Housebuilding crisis rocks Khan’s reign as affordable home plunge 88%

Affordable housebuilding in London has plummeted a staggering 88% over the past year, leaving Mayor Sadiq Khan under fire for failing to deliver on his promises to tackle the capital’s housing crisis.

City AM reports that according to the Office for National Statistics (ONS), just 3,100 affordable homes were started between April 2023 and March 2024, a dramatic drop from 26,386 the previous year.
Shockingly, some boroughs, including Harrow and Bexley, managed to kick off just one affordable home each during the entire year.

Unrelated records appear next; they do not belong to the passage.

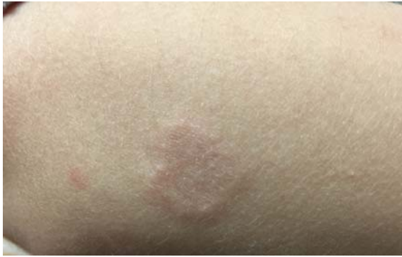
شکل ۲: پلاک آنولر متشکل از پاپول‌های کوچک و سفت در ساعد راست

گرافی با اشعه‌ی ایکس نشان‌دهنده‌ی تورم بافت نرم انگشت شست راست بود (شکل ۳). بیوپسی از ضایعه‌ی شست دست راست نشان داد که در درم پاپیلاری نواحی متعدد از رشته‌های کلاژن تخریب‌شده (نکروبیوزیس) که توسط سلول‌های التهابی هیستوسیت و لنفوسیت احاطه شده بود، مشهود است. هم‌چنین رسوب فوکال موسین در درم گزارش شد (شکل ۴). با توجه به مجموع یافته‌های آسیب‌شناسی، تشخیص بیماری گرانولوم آنولر زیرجلدی برای این بیمار مطرح گردید.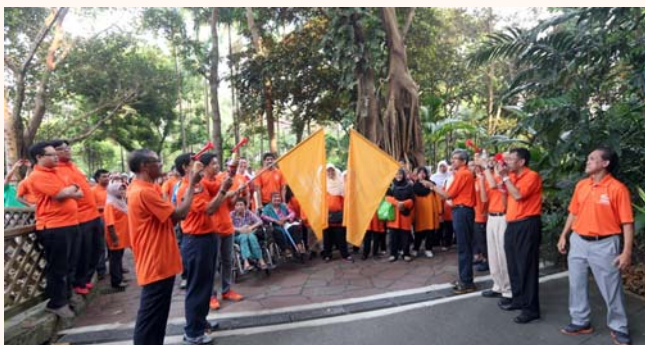
Rahmatan Lil Alamin (RLA) blessings to all day, 28 Sep 2014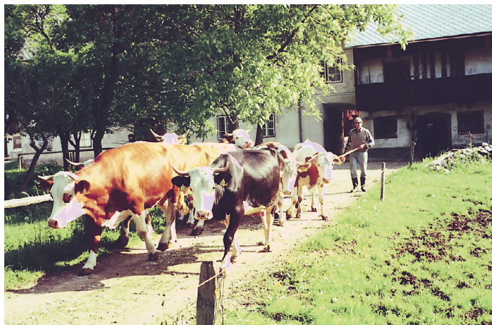
Druga nagrada: Na pašo, avtor Franci Jamar z Breznice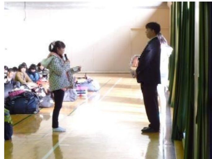
宿舎の方にご挨拶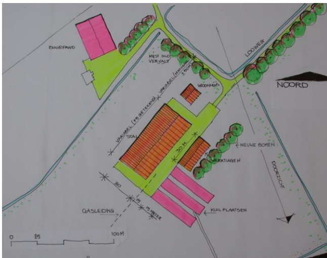
mogelijke opstelling van de gebouwen ( indelingschets) variant A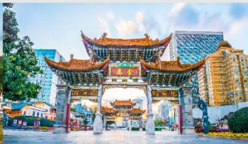
ประตูม้าทองไก่หยก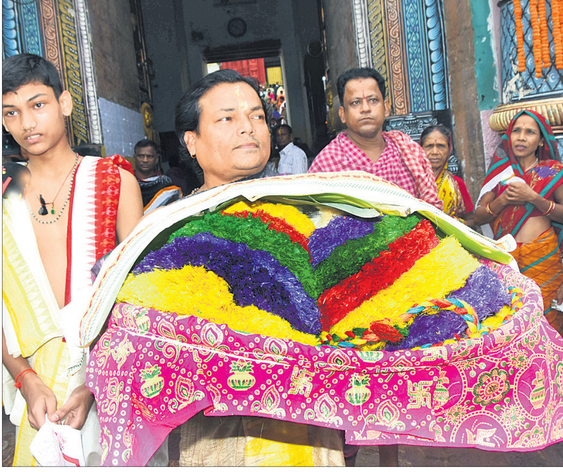
ରଞ୍ଜାପୁରୀର ଅବସରରେ ଶୁକ୍ରବାର ମହାପ୍ରଭୁ ଶ୍ରୀଜଗନ୍ନାଥଙ୍କ ପାଇଁ ପ୍ରସ୍ତୁତ ପାଟ ରାଖାକୁ ପାଟରା ସେବକ ଶ୍ରୀମନ୍ଦିରକୁ ନେଉଛନ୍ତି।

ଓଡ଼ିଆ ଜଗତମାଳି ଓ ଲୋକଗୀତ - ପ୍ରଫୁଲ୍ଲ ସଂପାଦକ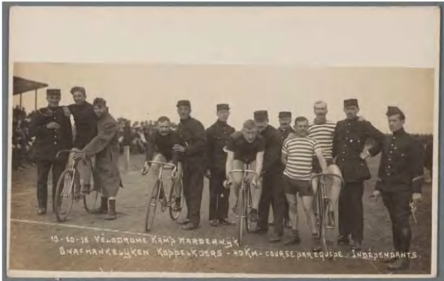
Velodrome Belgenkamp , gefotografeerd door C. Du Houx 1918

In het Harderwijkse kampblad INTER NOS REVUE, dat in twee talen verschijnt: het Vlaams en het Waals, wordt in de eerste editie op 1 juni 1916 geschreven: "sport onderhoudt ons lichaam en bewerkt eenen gezonden geest". Velen houden zich dagelijks bezig met gymnastiek, atletiek, dammen, schaken, voetballen, wielrennen, kaatsen, etc. Opvallend is hierbij dat de Walen zich vooral toeleggen op het kaatsen, terwijl de Vlamingen zich richten op voetballen en wielrennen. Voor de laatste tak van sport legt men zelfs een heuse wielersbaan aan. Overigens beperkt het verschil tussen Vlamingen en Walen in Harderwijk zich alleen hiertoe. In Nunspeet is dat onder de burgervluchtelingen wel anders. Iets wat door de Nunspeters niet echt wordt begrepen: "Het zijn toch dezelfde vluchtelingen uit hetzelfde land?"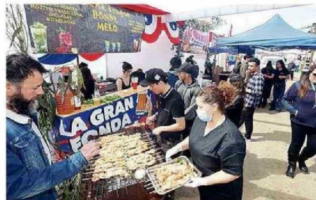
FUNCIONARÁN HASTA EL VIERNES DE 12 A 23 HORAS.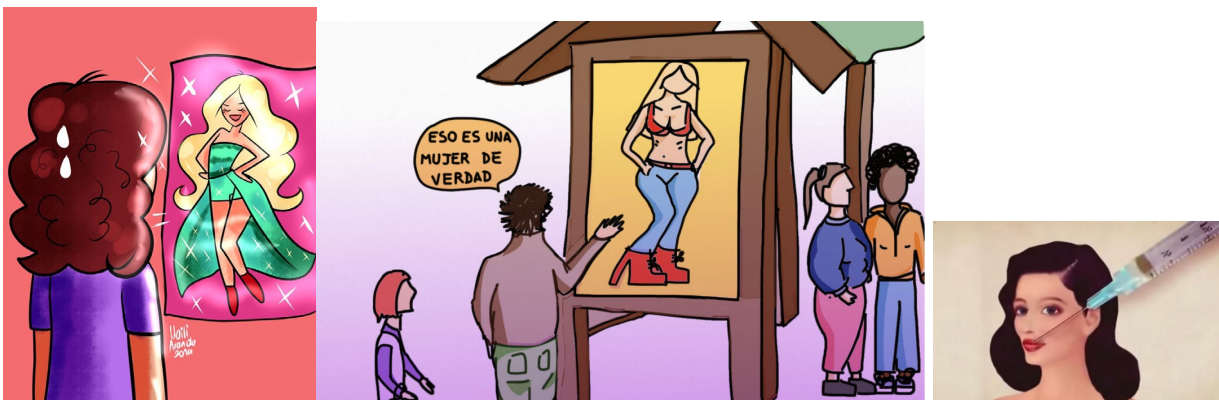
Estereotipo de Mujer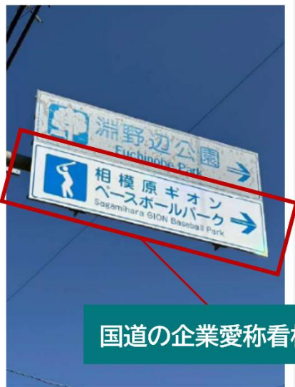
国道の企業愛称看板

Khan’s much-touted plan to build 35,000 affordable homes by 2026 using a £4.82bn government grant is now in tatters, with less than 10% of that target achieved. Former housing minister Lee Rowley slammed the mayor’s performance, branding it woefully inadequate for a city desperately needing new homes.

SHIFTING BLAME

In response, Khan has shifted blame to “Tory town halls” and what he calls 13 years of “government failure” on housing.

“The Conservatives nationally have scrapped housing targets, and Tory councils in London are failing to deliver,” Khan claimed earlier this year.

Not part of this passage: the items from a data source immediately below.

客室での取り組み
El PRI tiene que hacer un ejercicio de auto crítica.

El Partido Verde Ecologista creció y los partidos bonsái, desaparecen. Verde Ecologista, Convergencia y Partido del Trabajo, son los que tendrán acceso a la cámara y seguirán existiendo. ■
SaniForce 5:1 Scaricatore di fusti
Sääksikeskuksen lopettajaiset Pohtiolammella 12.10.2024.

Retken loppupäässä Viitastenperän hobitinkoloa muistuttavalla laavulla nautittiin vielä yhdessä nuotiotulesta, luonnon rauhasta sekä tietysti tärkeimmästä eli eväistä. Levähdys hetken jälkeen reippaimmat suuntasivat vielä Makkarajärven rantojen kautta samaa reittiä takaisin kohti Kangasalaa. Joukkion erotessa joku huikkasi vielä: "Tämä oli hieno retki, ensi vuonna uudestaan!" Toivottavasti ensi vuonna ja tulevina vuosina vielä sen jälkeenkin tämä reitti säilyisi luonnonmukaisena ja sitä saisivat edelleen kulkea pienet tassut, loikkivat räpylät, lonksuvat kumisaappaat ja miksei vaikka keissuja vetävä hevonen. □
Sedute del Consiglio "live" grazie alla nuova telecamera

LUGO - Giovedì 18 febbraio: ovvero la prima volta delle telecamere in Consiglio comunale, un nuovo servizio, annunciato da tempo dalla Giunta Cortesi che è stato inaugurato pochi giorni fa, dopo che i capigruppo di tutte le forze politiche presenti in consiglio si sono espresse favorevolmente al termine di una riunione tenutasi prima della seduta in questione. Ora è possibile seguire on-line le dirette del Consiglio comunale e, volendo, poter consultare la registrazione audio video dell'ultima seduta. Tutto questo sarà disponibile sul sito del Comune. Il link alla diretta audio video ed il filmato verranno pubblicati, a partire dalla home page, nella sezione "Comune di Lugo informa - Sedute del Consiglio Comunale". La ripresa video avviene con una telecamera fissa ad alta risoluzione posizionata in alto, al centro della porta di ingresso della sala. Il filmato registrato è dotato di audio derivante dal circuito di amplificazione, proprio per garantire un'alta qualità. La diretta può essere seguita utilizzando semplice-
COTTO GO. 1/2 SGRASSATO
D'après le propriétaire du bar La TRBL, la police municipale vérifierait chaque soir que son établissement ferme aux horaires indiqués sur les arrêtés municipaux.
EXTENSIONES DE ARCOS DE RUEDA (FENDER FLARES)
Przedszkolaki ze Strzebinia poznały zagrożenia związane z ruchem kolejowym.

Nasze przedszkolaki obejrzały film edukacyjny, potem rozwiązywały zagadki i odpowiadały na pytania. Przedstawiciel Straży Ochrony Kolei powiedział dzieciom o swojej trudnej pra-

But critics say excuses won’t build homes.

FIX RED TAPE
Jonathan Seager
Jonathan Seager, BusinessLDN

BusinessLDN’s Jonathan Seager has highlighted the need to fix red tape around section 106 agreements, which leave many housing projects stuck in limbo.

Meanwhile, the government has promised a £5bn boost to housing, including £500m for affordable homes, alongside new planning reforms and skills training.

A Ministry for Housing, Communities and Local Government spokesperson, says: “This shocking decline shows the crisis we’ve inherited.

“We’re stepping up to deliver the biggest social housing surge in decades and working closely with the Mayor to get homes built.”